Stored entries
=== Section Start ===

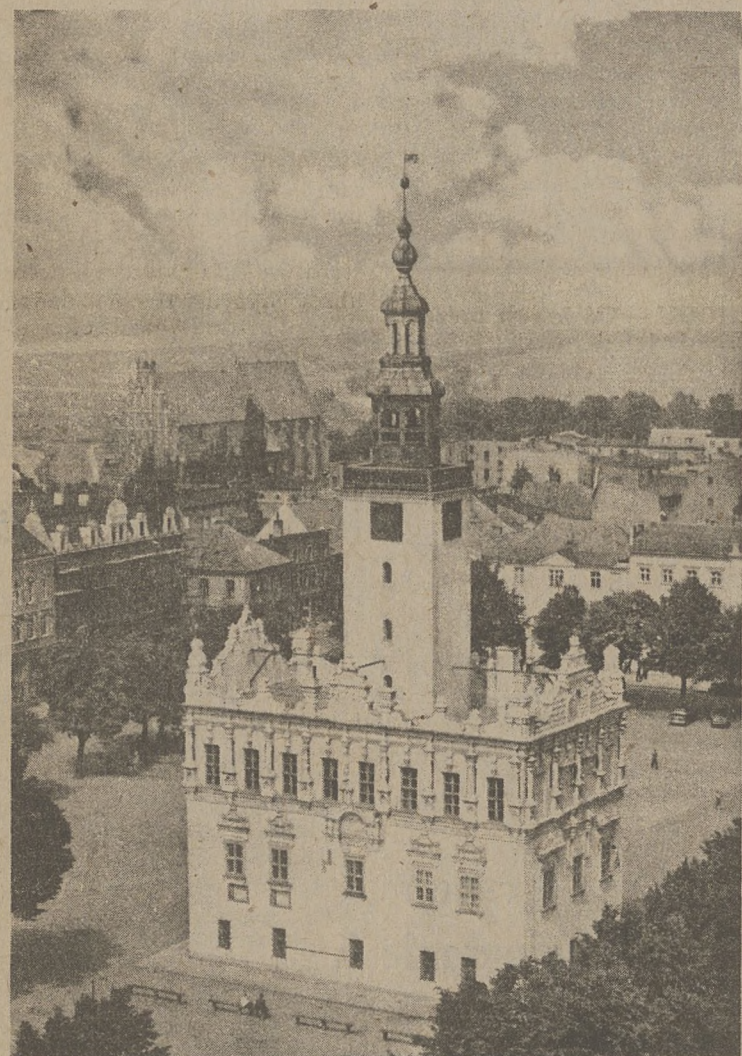
Ratusz chełmiński z drugiej połowy XVI wieku zalicza się do najpiękniejszych budowli renesansowych w Polsce. Pierwotnie była to budowla gotycka i przy odnawianiu obiektu odsłonięto fragmenty starszych murów. Czworoboczną wieżę z galerijką w późniejszych czasach nakryto barokowym hełmem. Wbrew temu co widać na zdjęciu, ratusz ma tylko dwie kondygnacje. Trzecią kondygnację udają ślepe okna w pięknej, typowo polskiej attyce renesansowej. Rynek chełmiński z uznanym za zabytek brukiem z "kocich łbów" — otrzyma częściowo inną nawierzchnię. Po długich targach władze konserwatorskie zgodziły się na częściowe przykrycie rynku gładzonymi płytami granitowymi na podłożu betonowym.
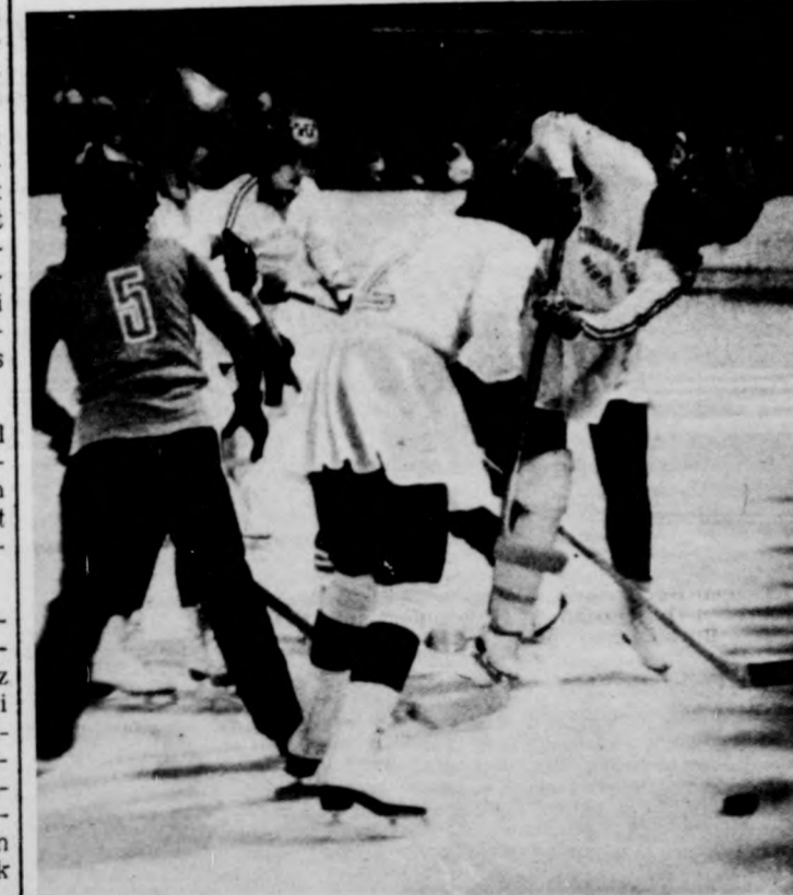
A fehér mezes és szoknyás csatárlány ütőfogása elárulja, hogy szívesen forgathatja otthon a seprűt

Nagy Gábor képei a minapi jégkarneválon készültek.
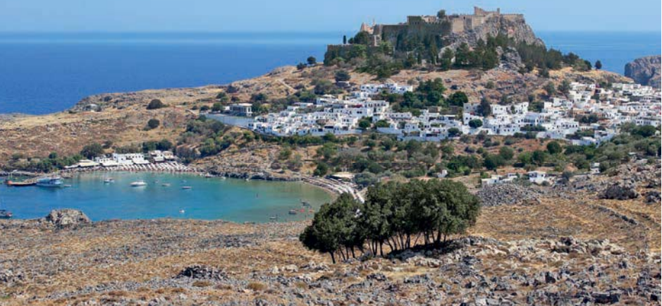
Panorama-Blick auf Lindos
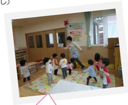
ナチュラル色を基調とした暖かみのある保育施設です♪
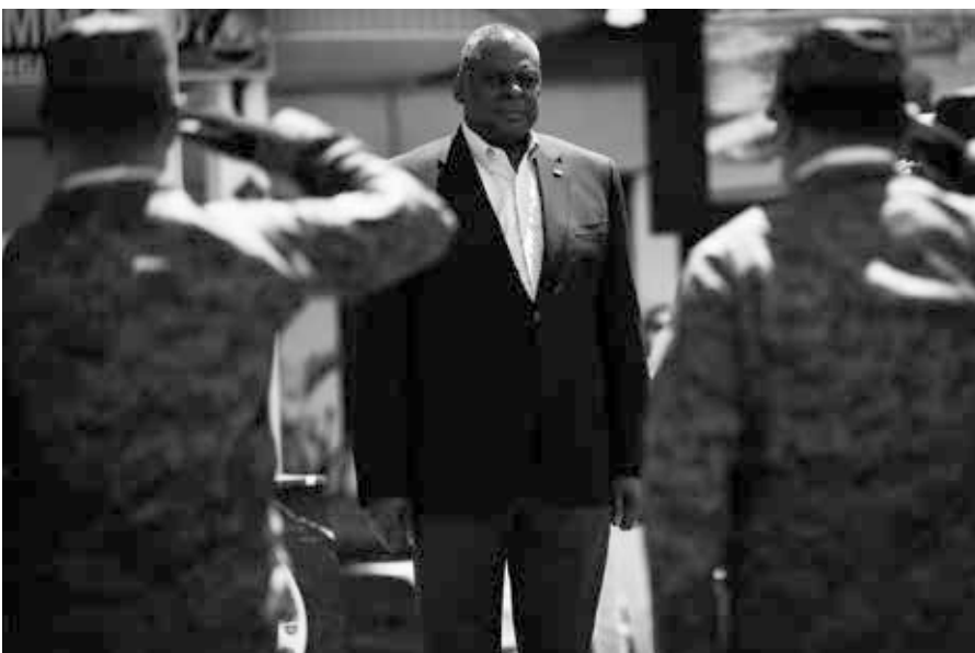
US Verteidigungsminister Lloyd Austin besucht Zamboanga, Philippinen, 1. Februar 2023.

„...Aktivisten sagen, sie beunruhigen die Tatsache, dass die philippinischen Arbeiter, die die Vereinigten Staaten auf den Stützpunkten Clark und Subic Bay beschäftigen, mit Ausbeutung und
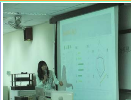
↑※老師先向同學介紹本次測驗的目的

此次活動參與人數約 2,000 人，分成 42 個班級，也因此動員了諮商中心所有人員協助這項活動，本次活動感謝學校各單位的幫忙與協助，尤其是各班諮商股長每位都花了很多時間在協調同學的測驗時間與活動的進行上。
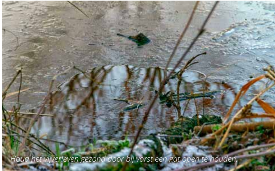
Houd het vijverleven gezond door bij vorst een gat open te houden.

Help flora en fauna in de vijver de winter door. Daarvoor verwijder je oud plantenmateriaal met een hark. Laat het even op de kant liggen, zodat dieren die er nog in verstopt zitten, terug het water in kunnen. Laat je de plantenresten in de vijver, dan gaan deze rotten, wat veel zuurstof kost. Vissen en amfibieën overleven dan de winter niet. Houd bij vorst een gaatje open in het vijveroppervlak,
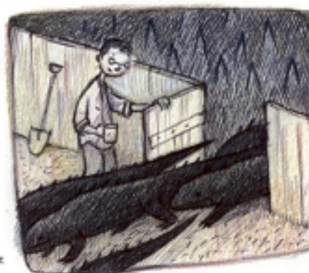
de leguanen terug binnenlaten en nadenken over morgen.
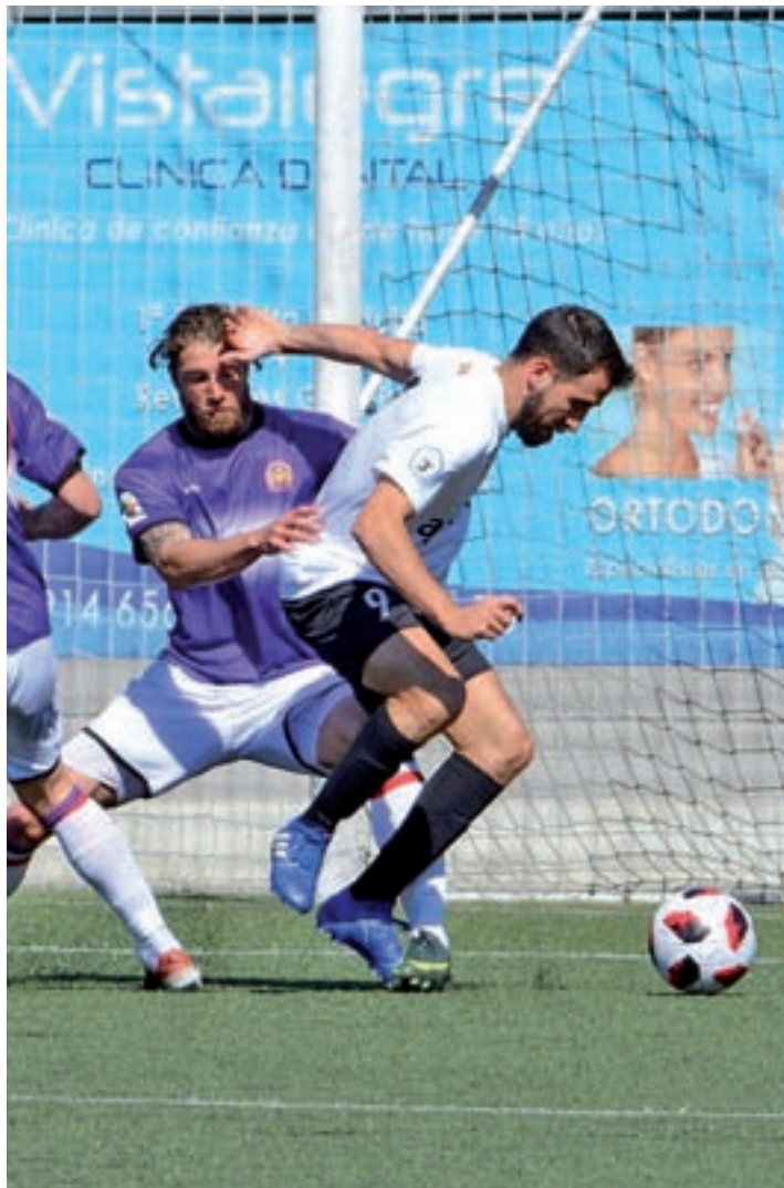
Una jugada del Tres Cantos

Móstoles URJC. En aquella jornada, el marcador fue inaugurado por un temprano gol que llegaba en el primer minuto del encuentro, tras una jugada que culminaba Morato. Apenas catorce minutos después Theo anotaba el segundo tanto del duelo,
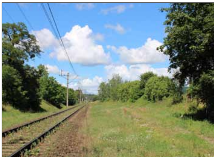
Teren nowego przystanku PKP Jastrowie Miasto
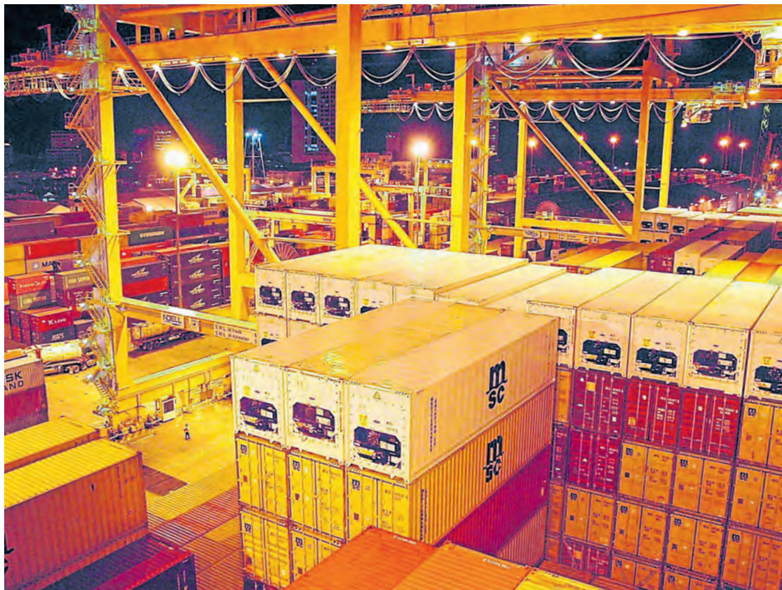
Según la Cámara de Comercio de Buenaventura, el puerto tiene 454.068 toneladas de carga represada.

Según el ministro de Hacienda, José Manuel Restrepo, el valor diario es de $484.000 millones. Los sectores más afectados son comercio, alojamiento, manufactura, transporte, agro y construcción. Ayer las manifestaciones fueron pacíficas, pero continúan los bloqueos. Hay problemas en puertos. Pág. 6
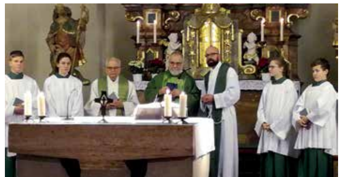
Intensive Gespräche gab es bei der Visitation in der SE Krebsbachtal/Hegau. Die Visitation endete mit der großen Danksagungsfeier, der Eucharistie, in der Pfarrkirche St. Ulrich.
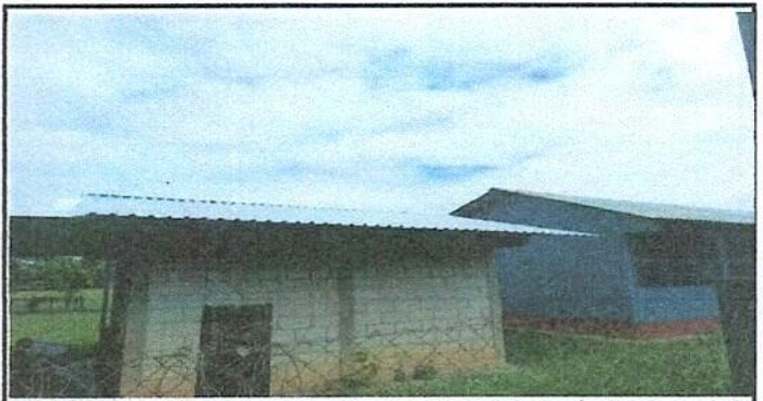
Foto 6: Sustitución de lámina por lámina troqueleada de la cocina escolar

Observación: Si es necesario se pueden agregar hojas adicionales y actualizar el número de hojas.
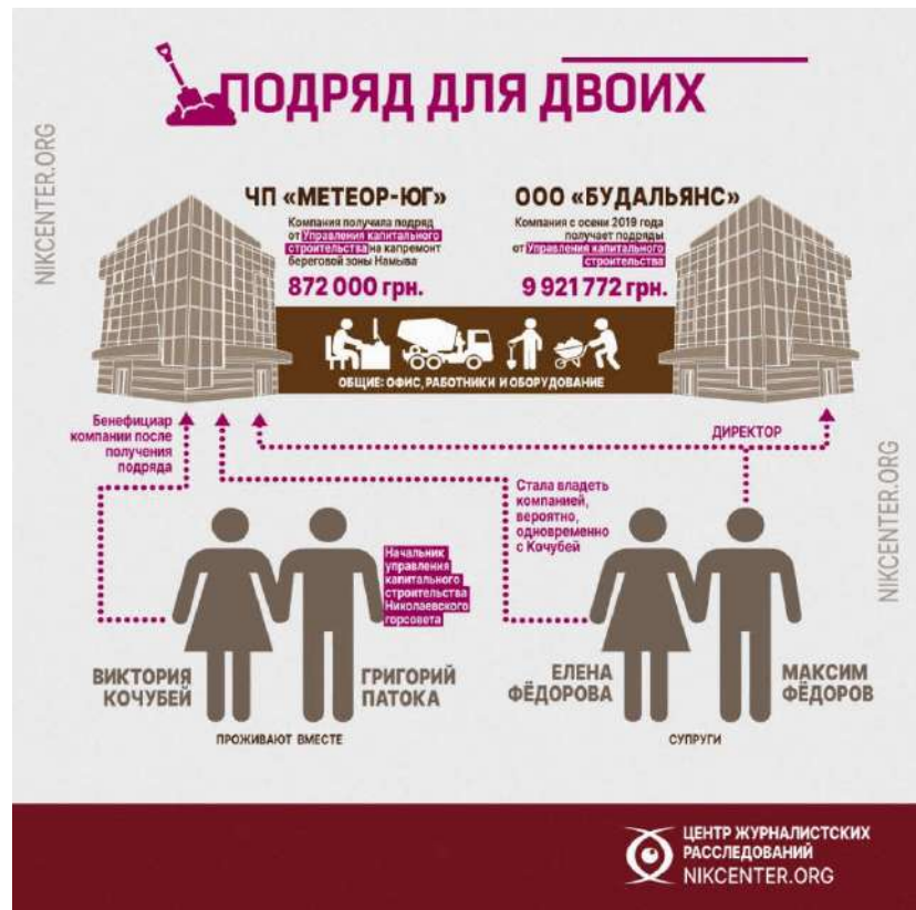
Рис. 3.3.2. Инфографіка до журналістського розслідування «Операция имитация».

У третьому розслідуванні журналісти Центру викривають незаконне забудовування землі бізнесменами, що спричинило відповідний судовий розгляд. Виявилось, що берег лиману, який за законом є комунальною власністю, фактично повністю забудований приватними помістями чиновників, бізнесменів і депутатів.

=== Section End ===

**What you need to do**
Write every record out again exactly, omitting the pictures they hold.

**Problem solution**
Ratusz chełmiński z drugiej połowy XVI wieku zalicza się do najpiękniejszych budowli renesansowych w Polsce. Pierwotnie była to budowla gotycka i przy odnawianiu obiektu odsłonięto fragmenty starszych murów. Czworoboczną wieżę z galerijką w późniejszych czasach nakryto barokowym hełmem. Wbrew temu co widać na zdjęciu, ratusz ma tylko dwie kondygnacje. Trzecią kondygnację udają ślepe okna w pięknej, typowo polskiej attyce renesansowej. Rynek chełmiński z uznanym za zabytek brukiem z "kocich łbów" — otrzyma częściowo inną nawierzchnię. Po długich targach władze konserwatorskie zgodziły się na częściowe przykrycie rynku gładzonymi płytami granitowymi na podłożu betonowym.
A fehér mezes és szoknyás csatárlány ütőfogása elárulja, hogy szívesen forgathatja otthon a seprűt

Nagy Gábor képei a minapi jégkarneválon készültek.
Panorama-Blick auf Lindos
ナチュラル色を基調とした暖かみのある保育施設です♪
US Verteidigungsminister Lloyd Austin besucht Zamboanga, Philippinen, 1. Februar 2023.

„...Aktivisten sagen, sie beunruhigen die Tatsache, dass die philippinischen Arbeiter, die die Vereinigten Staaten auf den Stützpunkten Clark und Subic Bay beschäftigen, mit Ausbeutung und
↑※老師先向同學介紹本次測驗的目的

此次活動參與人數約 2,000 人，分成 42 個班級，也因此動員了諮商中心所有人員協助這項活動，本次活動感謝學校各單位的幫忙與協助，尤其是各班諮商股長每位都花了很多時間在協調同學的測驗時間與活動的進行上。
Houd het vijverleven gezond door bij vorst een gat open te houden.

Help flora en fauna in de vijver de winter door. Daarvoor verwijder je oud plantenmateriaal met een hark. Laat het even op de kant liggen, zodat dieren die er nog in verstopt zitten, terug het water in kunnen. Laat je de plantenresten in de vijver, dan gaan deze rotten, wat veel zuurstof kost. Vissen en amfibieën overleven dan de winter niet. Houd bij vorst een gaatje open in het vijveroppervlak,
de leguanen terug binnenlaten en nadenken over morgen.
Una jugada del Tres Cantos

Móstoles URJC. En aquella jornada, el marcador fue inaugurado por un temprano gol que llegaba en el primer minuto del encuentro, tras una jugada que culminaba Morato. Apenas catorce minutos después Theo anotaba el segundo tanto del duelo,
Teren nowego przystanku PKP Jastrowie Miasto
Según la Cámara de Comercio de Buenaventura, el puerto tiene 454.068 toneladas de carga represada.

Según el ministro de Hacienda, José Manuel Restrepo, el valor diario es de $484.000 millones. Los sectores más afectados son comercio, alojamiento, manufactura, transporte, agro y construcción. Ayer las manifestaciones fueron pacíficas, pero continúan los bloqueos. Hay problemas en puertos. Pág. 6
Intensive Gespräche gab es bei der Visitation in der SE Krebsbachtal/Hegau. Die Visitation endete mit der großen Danksagungsfeier, der Eucharistie, in der Pfarrkirche St. Ulrich.
Foto 6: Sustitución de lámina por lámina troqueleada de la cocina escolar

Observación: Si es necesario se pueden agregar hojas adicionales y actualizar el número de hojas.
Рис. 3.3.2. Инфографіка до журналістського розслідування «Операция имитация».

У третьому розслідуванні журналісти Центру викривають незаконне забудовування землі бізнесменами, що спричинило відповідний судовий розгляд. Виявилось, що берег лиману, який за законом є комунальною власністю, фактично повністю забудований приватними помістями чиновників, бізнесменів і депутатів.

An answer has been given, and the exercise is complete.